§ Required work
Leaving out all pictures, reproduce the entries below exactly, from the first line through the line that contains "or Office (Brown)".

§ Information provided
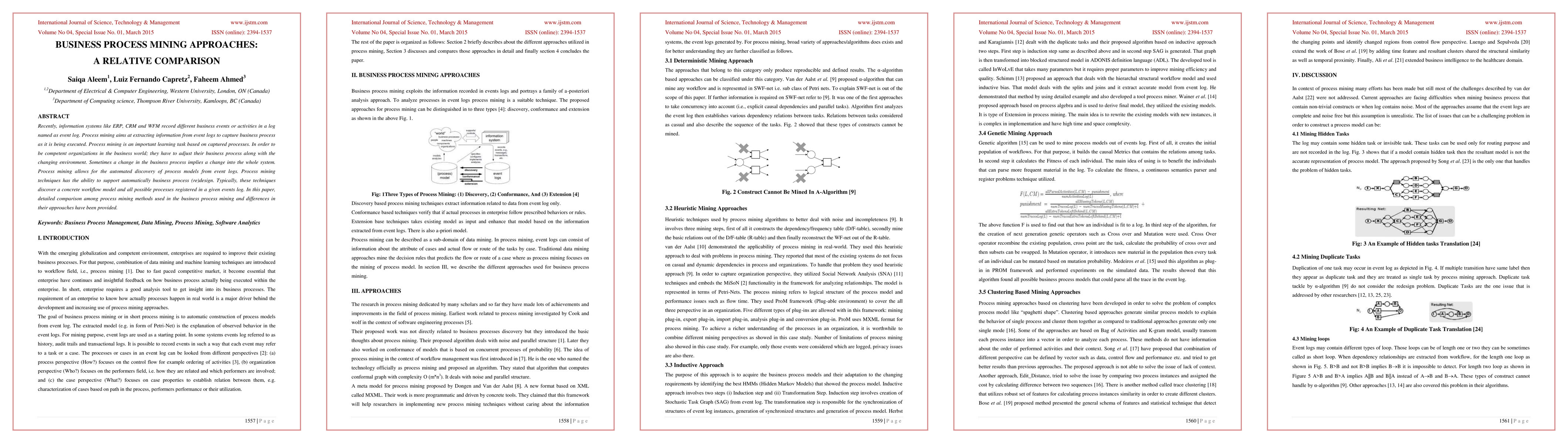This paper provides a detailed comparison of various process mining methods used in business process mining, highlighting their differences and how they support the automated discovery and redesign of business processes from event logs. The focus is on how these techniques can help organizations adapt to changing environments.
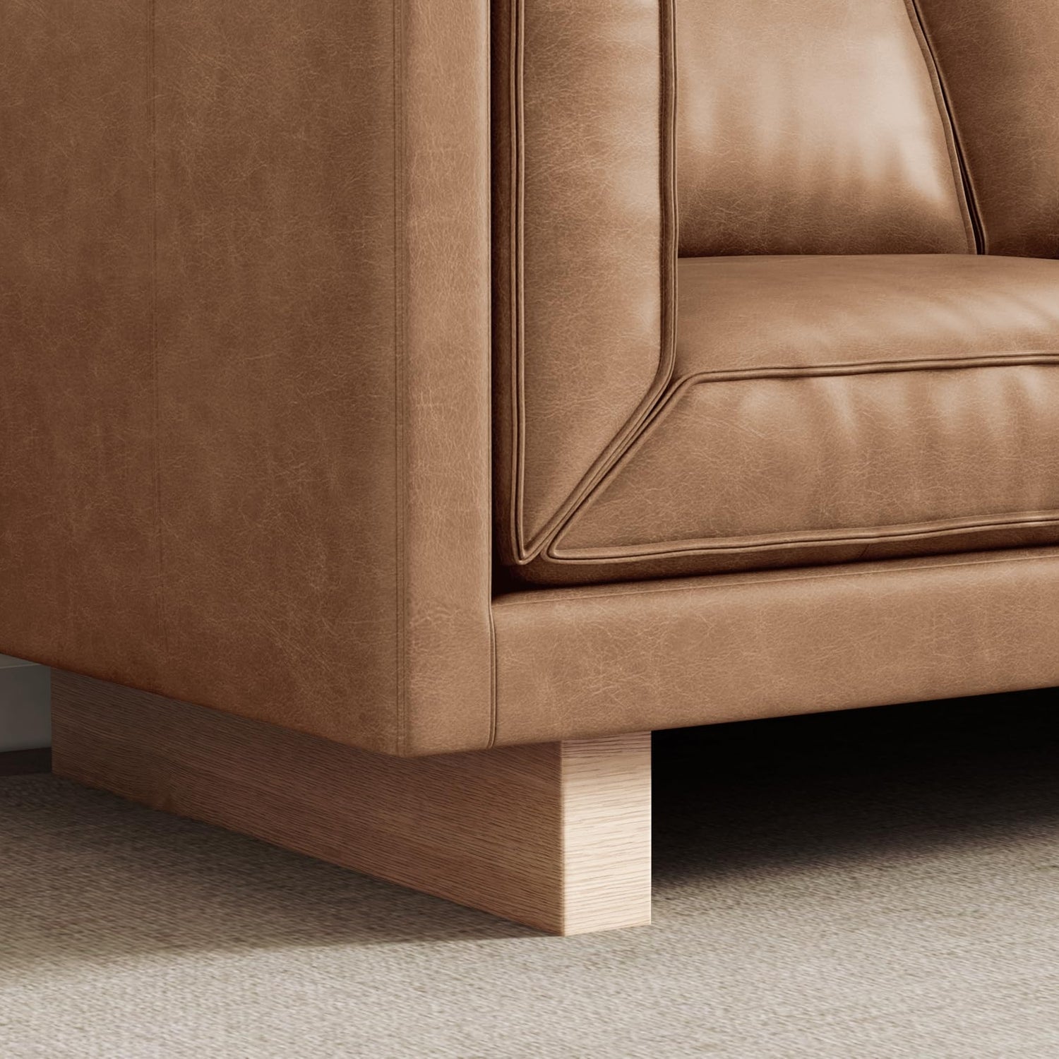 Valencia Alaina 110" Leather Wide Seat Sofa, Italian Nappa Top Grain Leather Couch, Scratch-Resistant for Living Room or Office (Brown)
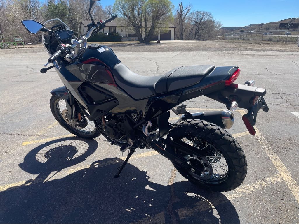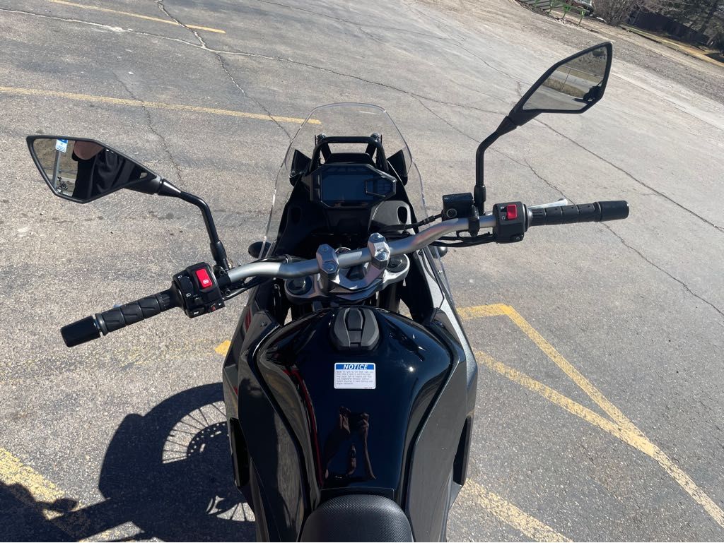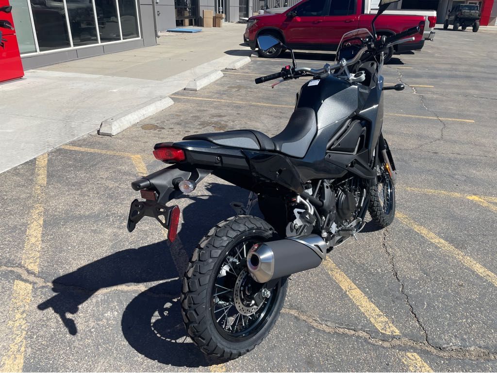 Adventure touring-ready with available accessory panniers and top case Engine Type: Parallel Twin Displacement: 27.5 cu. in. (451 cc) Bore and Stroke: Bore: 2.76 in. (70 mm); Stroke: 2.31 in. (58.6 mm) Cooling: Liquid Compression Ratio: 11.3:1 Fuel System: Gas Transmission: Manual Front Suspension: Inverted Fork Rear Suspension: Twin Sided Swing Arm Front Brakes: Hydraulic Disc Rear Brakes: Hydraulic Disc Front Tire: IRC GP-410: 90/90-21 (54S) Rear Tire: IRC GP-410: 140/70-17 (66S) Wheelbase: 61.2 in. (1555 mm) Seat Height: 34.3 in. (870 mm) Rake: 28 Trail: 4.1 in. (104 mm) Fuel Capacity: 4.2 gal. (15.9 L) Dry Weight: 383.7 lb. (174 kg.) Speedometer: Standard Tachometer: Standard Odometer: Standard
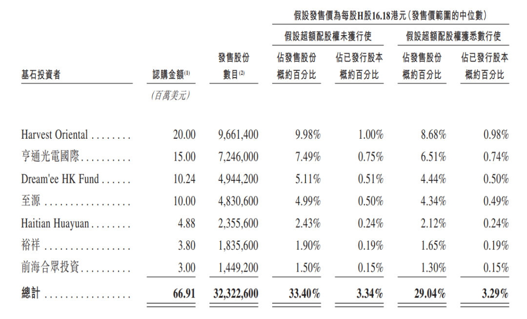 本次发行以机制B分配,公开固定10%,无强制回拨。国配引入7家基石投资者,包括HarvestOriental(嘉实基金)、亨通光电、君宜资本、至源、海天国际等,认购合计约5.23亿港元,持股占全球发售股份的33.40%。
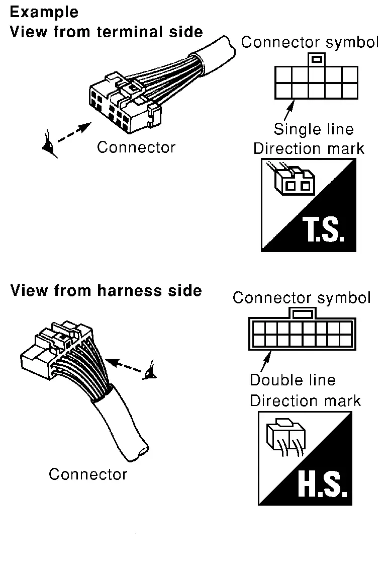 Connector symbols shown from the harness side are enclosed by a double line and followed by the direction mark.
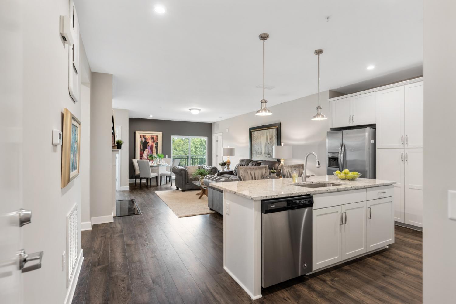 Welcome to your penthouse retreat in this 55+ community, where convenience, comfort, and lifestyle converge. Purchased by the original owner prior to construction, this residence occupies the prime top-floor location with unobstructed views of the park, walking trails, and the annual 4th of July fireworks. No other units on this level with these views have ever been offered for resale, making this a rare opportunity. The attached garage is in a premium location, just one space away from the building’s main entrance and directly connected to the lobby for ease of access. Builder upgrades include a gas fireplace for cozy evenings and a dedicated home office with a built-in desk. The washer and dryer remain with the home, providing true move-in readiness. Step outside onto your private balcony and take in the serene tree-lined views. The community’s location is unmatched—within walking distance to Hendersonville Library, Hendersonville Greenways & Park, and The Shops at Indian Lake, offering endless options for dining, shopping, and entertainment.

§ Answer section
This paper provides a detailed comparison of various process mining methods used in business process mining, highlighting their differences and how they support the automated discovery and redesign of business processes from event logs. The focus is on how these techniques can help organizations adapt to changing environments.
 Valencia Alaina 110" Leather Wide Seat Sofa, Italian Nappa Top Grain Leather Couch, Scratch-Resistant for Living Room or Office (Brown)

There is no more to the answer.